My other journalistic inspiration was Walter Kerr, the late, great lead drama critic of The New York Times. Kerr understood that caustic wit was crucial in maintaining his own audience, but not paramount. What is paramount is being an honest broker of your own judgments, and never succumbing to the temptation of skewing negative for the sake of a cheap punchline. If you wish to see what happens when this principle is ignored, spend five minutes reading the ad blogs or Gawker. They are intermittently amusing, deliberately mean and ethically bankrupt.

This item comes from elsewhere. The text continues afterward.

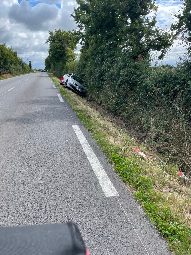 Nous voilà en partage de route sur une départementale. Il faut faire attention.

Intellectual honesty also means never pandering to the tastes or expectations of the audience. At Cannes, especially, where there is so much appreciation for gratuitous novelty, shattered taboos and post-modern irony (i.e., the standards that so often put agencies so structurally at odds with the interests of their clients), it's easy amid the chummy and boozy atmosphere for an on-location critic to go native. But if a Gold Lion winner is really a golden calf, someone has to speak up. This can make for quite the buzz-kill on the Carlton terrace.
DOVE: The 'Evolution' campaign got high marks.
Not that I claim to be especially sensitive to the feelings of the creative community (although, by policy, in a negative review I don't name individual names). It's just that a weekly pan parade would quickly have been dismissed as juvenile and irrelevant -- just as a hit parade would have been dismissed as Pollyanna and irrelevant.